Module 5: Monitoring & Alerting Setup
Overview
Modules 2 through 4 built a point-in-time picture of your organization's external exposure -- attack surface, personnel risk, and vulnerability correlation. That picture starts going stale the moment you close your browser. This module establishes ongoing monitoring so you are alerted when things change rather than discovering problems during the next quarterly review.
The goal is not comprehensive IT monitoring -- it is targeted monitoring of the specific external signals that indicate risk to OT operations and remote access infrastructure. Specifically, this program watches for changes to: internet-facing remote access systems and VPN portals; edge devices with OT network connectivity such as firewalls, VPN concentrators, and remote access gateways; credentials belonging to Tier 1 and Tier 2 personnel with OT or IT/OT interface access (Module 3); and new vulnerabilities in the products identified in Modules 2 and 4 that sit on the boundary between IT and OT networks. Everything configured in this module -- every alert, every scheduled check, every baseline entry -- should connect back to one of these categories. If a monitoring activity does not inform your understanding of risk to operational systems, it belongs in a different program.
Push + Pull: Two Monitoring Models
Sustainable monitoring combines two approaches:
- Push-based (alerts come to you) -- Services that notify you when something new appears: a new breach containing your domain, a new CVE for a product you use, a mention of your organization in a security context.
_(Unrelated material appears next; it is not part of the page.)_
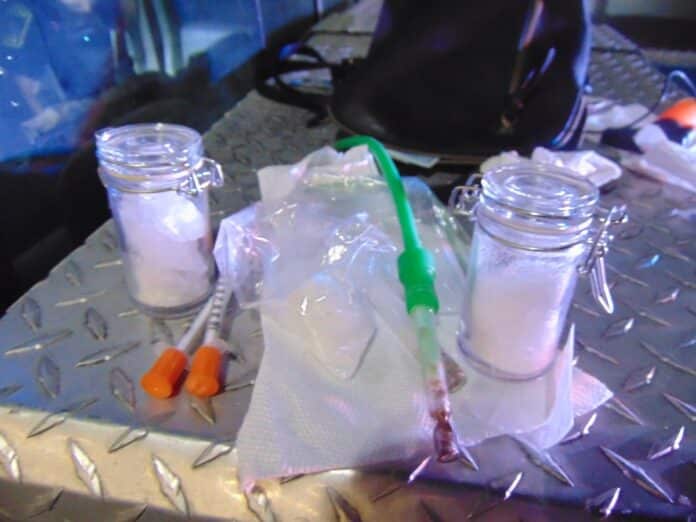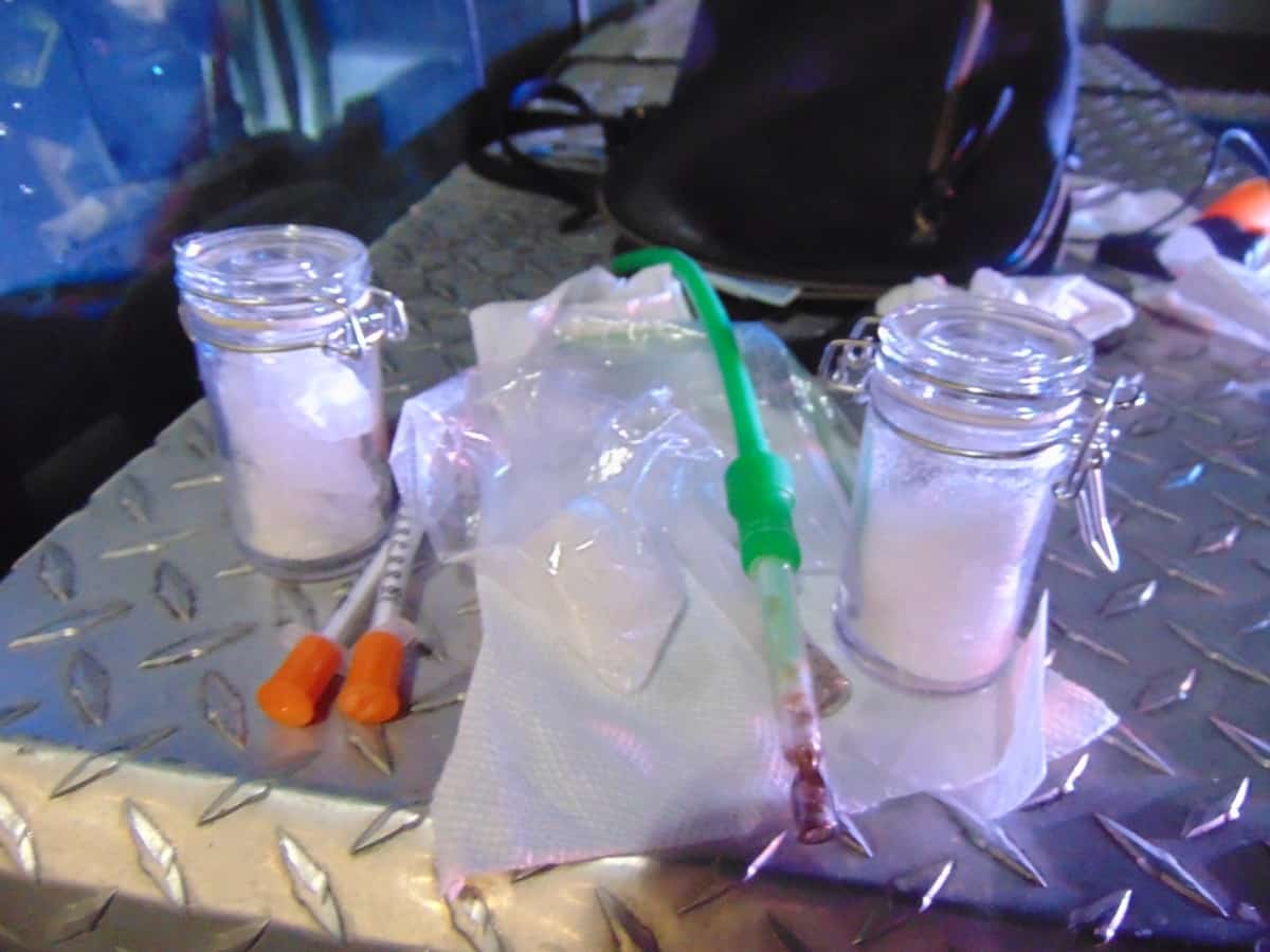 Officers conducted a search of the vehicle and recovered more than 72 grams of methamphetamine and drug paraphernalia including two syringes as well as several small plastic bags with white residue inside. Ford was placed under arrest and transported to the Bartholomew County Jail on preliminary charges of dealing in methamphetamine (Level 2 felony), possession of methamphetamine (Level 3 felony), possession of a legend drug injection device (Level 6 Felony), and possession of drug paraphernalia (Class C misdemeanor).

These require initial setup but then run continuously with no recurring effort.
- Pull-based (you go check periodically) -- Scheduled re-runs of the same queries from Modules 2-4: subdomain enumeration, Shodan/Censys checks, breach database lookups, vulnerability correlation. These catch changes that push-based alerts miss and provide a structured baseline comparison.
Neither approach is sufficient alone. Push alerts have gaps in coverage, and pull checks only find changes at the frequency you run them. Together they provide layered coverage.
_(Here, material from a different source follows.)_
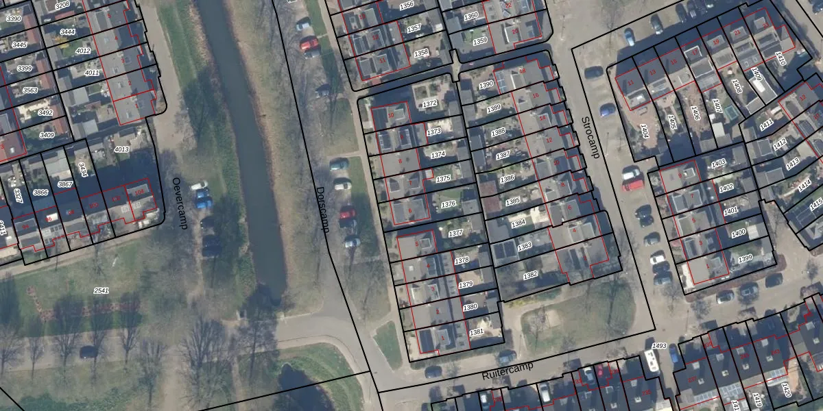 Gebruik de zoekbalk of klik op een perceel voor informatie over de adressen binnen dit perceel.

Where Free Tools Hit Their Ceiling
The free-tool approach in this workshop replicates roughly 60-70% of what commercial Attack Surface Management (ASM) platforms provide. Products in this category -- Censys ASM, Shodan Enterprise Monitor, GreyNoise, Recorded Future, Digital Shadows/ReliaQuest, and others -- automate continuous asset discovery, automatic CVE correlation against discovered assets, breach feed aggregation, and personnel exposure monitoring. What you are doing manually across Modules 2-5, these platforms do continuously and at scale.
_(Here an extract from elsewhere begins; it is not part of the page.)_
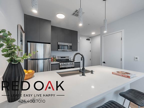 ~1 Month FREE~ Breathtaking Luxury Two Bedroom with Private Balcony, Stainless Steel Appliances, Rooftop Community Space with Panoramic Views, In Unit Washer/Dryer ~ In Prime LA! *Move-In Special* **Tenant will receive a one-time credit of 1 Month FREE off of the Market Rent Price of $3,700.00 on a 12 month lease term. The advertised price is based on the NET EFFECTIVE RENT. The net effective rent is shows the savings over the entire lease term.* Multiple Units Available ~ Ask About Availability ~ Pricing May Vary Based on Floor Plan and Availability ~ Unit comes UNFURNISHED Welcome to the Pinnacle of Luxury Living in the Heart of Los Angeles! Prepare to be amazed by KANVAS, a magnificent seven-story structure redefining luxury living. With a 24-hour state-of-the-art fitness center, a breathtaking rooftop lounge offering panoramic views, a rooftop pet park, outdoor BBQ area, bike storage room, touch-screen entry, and a convenient mail room, KANVAS sets a new standard of sophistication and comfort. Step into this exquisite two-bedroom sanctuary and be bathed in natural light streaming through expansive windows, highlighting the hardwood vinyl floors. Complete with Central Heat and Air, a Private Balcony with an incredible view, and contemporary finishes throughout, this home is crafted to delight your senses. Gastronomic Pleasures Await: Embark on a culinary journey in the kitchen, a haven boasting numerous hardwood cabinets and exquisite granite countertops. A versatile breakfast bar doubles as an island prep space, while state-of-the-art stainless steel appliances, including a gas range/oven, microwave, refrigerator, and dishwasher, elevate your culinary experience. Contemporary recessed lighting and stylish pendant fixtures set the perfect ambiance. Luxurious Bedroom Retreats: Retreat to the spacious bedrooms, each offering ample closet space and hardwood flooring exuding warmth. Large windows flood the rooms with natural light, creating a serene ambiance for relaxation. Indulgent Bathroom Escapes: Surrender to opulence in the bathrooms, featuring custom-tiled flooring, walk-in showers adorned with stunning backsplashes, oversized vanities with abundant storage, and generously lit mirrors, transforming them into sanctuaries of luxury and comfort. Laundry Made Easy: Bid farewell to laundromat hassles with the convenience of an in-unit washer and dryer, ensuring laundry day is a breeze. Parking Convenience: Enjoy one secure parking space for your personal vehicle for $150. Experience the Lap of Luxury in Los Angeles: Immerse yourself in the vibrant energy of LA, with an array of dining, shopping, and entertainment options just moments away. Enjoy the convenience of city living while relishing in the comforts of luxury at KANVAS. Elevate your lifestyle in this spacious haven. Available for an immediate move-in. LEASE TERMS: 15 Month Lease 12, 13, and 14 month leases available with varied pricing Pictures and descriptions are of a Model Unit Floor Plan and Details may vary Unit Comes UNFURNISHED Staged Photos to offer ideas for how to use the space. Square Footage is approximate. Showings may not be 1-on-1. Pet Refundable Deposit: $500 per pet Pet Rent: $50 per pet (2-Pet Max Limit) All information must be validated on Red Oaks Website since 3rd party websites can feed incorrect information. Red Oak does not warrant or represent that image renderings on this website are an accurate representation of every floor plan available at the Property. Floor plans may vary unit by unit and by location at the Property. Please contact the Leasing Office to schedule a tour of the Property and the particular unit you are interested in. Pricing and availability are subject to change at any time.

The tradeoff is cost versus analyst time. For small teams monitoring a handful of domains, the manual approach works well. When alert triage and pull-based checks are consuming more than 2-3 hours per week, a paid platform likely pays for itself in analyst time alone -- and provides coverage that manual checks cannot match. Treat this workshop as the foundation: you will know exactly what to evaluate and what questions to ask when that threshold arrives.
Pull-Based Checks
Pull-based monitoring means re-running the same discovery and correlation queries on a schedule. The value is in comparison to baseline -- not the raw results, but what has changed since your last check:
- Subdomain changes (Module 2) -- New subdomains appearing in certificate transparency logs or DNS enumeration. A new subdomain may indicate a new service, a development/staging environment, or shadow IT
- Exposure changes (Module 2) -- New ports or services appearing on Shodan/Censys for your IP ranges. Services that were internal-only may have been accidentally exposed
- New breach appearances (Module 3) -- Personnel email addresses appearing in newly disclosed breaches. Breaches are disclosed continuously; a weekly HIBP check catches new exposure
- New CVEs (Module 4) -- New vulnerabilities disclosed for products in your asset inventory. Check NVD, CISA KEV, and vendor PSIRTs for your specific products and versions
- Personnel changes (Module 3) -- Leadership changes, new hires in key roles, departures. Role changes affect your tier assignments and monitoring priorities
Push-Based Alert Sources
Push-based services run continuously once configured. These complement your pull-based schedule by alerting you to changes between scheduled checks:
| Source | What It Monitors |
|---|---|
| Google Alerts | Web mentions of your organization combined with security keywords (breach, hack, vulnerability, SCADA) |
| Shodan Alerts | Changes to internet-exposed services on your IP ranges (free tier: up to 16 IPs) |
| crt.sh / Cert Spotter | New SSL/TLS certificates issued for your domains, indicating new subdomains or shadow IT |
| CISA ICS Advisories + KEV | New ICS advisories, KEV additions, and vendor-specific security alerts (email and RSS) |
| Vendor PSIRTs | New vulnerabilities for specific products in your asset inventory (see Module 4 vendor PSIRT table) |
| HaveIBeenPwned | New data breaches containing email addresses from your domain (requires domain verification) |
Configure any of these services that are not already active for your organization. The lab section below focuses on pull-based checks because those require structured practice to establish the baseline and schedule that make ongoing monitoring repeatable.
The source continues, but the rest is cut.